Важным аспектом процедуры объединения Германии стало использование, по аккуратному выражению Саротти, «модульных» конструкций, т.е. метода механического воспроизводства и расширения имеющихся формул и структур вместо переговоров о взаимоприемлемых заменах. ФРГ не только в буквальном смысле слова абсорбировала ГДР в свою существующую конституционную и правовую систему – новое, объединенное государство стало еще и полноправным членом НАТО и ЕЭС (которое в 1992 г. превратилось в Европейский союз). «Модули» имели свои плюсы: не нужно было «тратить время на концептуализацию новых соглашений и институтов», не нужно было ремонтировать то, что не сломано, и «обеспечивался мощный элемент предсказуемости вместо хаотичного …пересмотра внутреннего и международного порядка»34. В случае с объединением Германии такой подход оправдался настолько, что стал шаблоном. Для вхождения в клуб победителей другим странам нужно измениться, чтобы соответствовать существующим правилам; институты не меняются для приема новых членов.

Парадокс, по мнению Саротти, заключается в следующем: «Борьба за передел Европы после исторических перемен 1989 г. привела к тому, что структуры, существовавшие до этих перемен, сдвинулись на восток и обеспечили свое будущее.
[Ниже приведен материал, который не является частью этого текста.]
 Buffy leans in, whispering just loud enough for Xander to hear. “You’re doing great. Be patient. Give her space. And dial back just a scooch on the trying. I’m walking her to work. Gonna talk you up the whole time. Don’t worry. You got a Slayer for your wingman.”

Американцы и западные немцы успешно перенесли институты, родившиеся в старой геополитике холодной войны, – где они уже доминировали, как в НАТО, – в новую эру»35. Альтернативные сценарии, периодически предлагаемые Москвой – кондоминиум великих держав, панъевропейский дом, «финляндизация» и т.д., – являлись «полуфабрикатами» и отбрасывались под влиянием времени и обстоятельств. Когда нужно было делать выбор между прыжком в неизвестность и проверенной моделью, западные политики, доверившись инстинкту, отвергли неясные, пусть и благонамеренные, концепции и предпочли то, что хорошо знакомо.
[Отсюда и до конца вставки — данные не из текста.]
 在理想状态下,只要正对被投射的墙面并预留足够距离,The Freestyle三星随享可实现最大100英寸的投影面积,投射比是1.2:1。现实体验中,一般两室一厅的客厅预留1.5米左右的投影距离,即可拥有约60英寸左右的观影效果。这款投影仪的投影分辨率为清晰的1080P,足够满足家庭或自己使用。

Урегулирования, которого не было в 1989–1991 гг., имело еще одно тяжелое последствие, и касалось оно распадающейся советской супердержавы. В отсутствие какого-либо акта примирения с Западом или фиксирующего его формального соглашения никто не мог представить себе места бывшей супердержавы в новой/старой схеме положения вещей. «Модули» не предусматривали четкого места СССР, но такой подход не был намеренным, просто страна оказалась слишком громоздкой, чтобы вписаться в жесткие стандарты. В результате, если воспользоваться словами Саротти, «Россия оказалась на периферии Европы после холодной войны»36. Действующее лицо в ее фразе – Россия, ибо Советский Союз ушел в небытие в конце тех двух лет.

Целая флотилия государств-преемников, бывших союзных республик СССР, распавшегося, когда центральное правительство и Коммунистическая партия утратили контроль, отправилась в свободное плавание в конце 1991 г. В центре была Россия, или Российская Федерация (бывшая РСФСР в составе СССР), которая стала официальным правопреемником советского государства, получила его посольства, кресло с правом вето в Совете Безопасности ООН и львиную долю огромного арсенала оружия массового уничтожения. Новая Россия, кабинеты руководителей которой располагались в тех же зданиях в центре Москвы, где сидели советские предшественники, обладала 77% территории СССР (16,4 млн кв. км), 51% населения (147,4 млн), 70% промышленности и 91% добываемой нефти. Тем не менее, это был уже не Советский Союз. Уменьшение территории, политические и экономические потрясения (ВВП упал на катастрофические 40% в период с 1991 по 1998 г.) привели к понижению статуса страны практически по всем объективным показателям и субъективным оценкам. Хотя номинально Российская Федерация считалась совершенно новым государством, а не обломком СССР без его нероссийских частей, ее граждане и элита считали себя наследниками советского прошлого. Распад двух квазиимперий – внешней в Центральной и Восточной Европе и внутренней в постсоветской Евразии – означал ошеломительное поражение для Российского государства, хотя американцы и немцы «стеснялись» произносить это вслух. Травма от потери лица была неизбежна и требовала аккуратного лечения, но, к сожалению для всех, этого не произошло.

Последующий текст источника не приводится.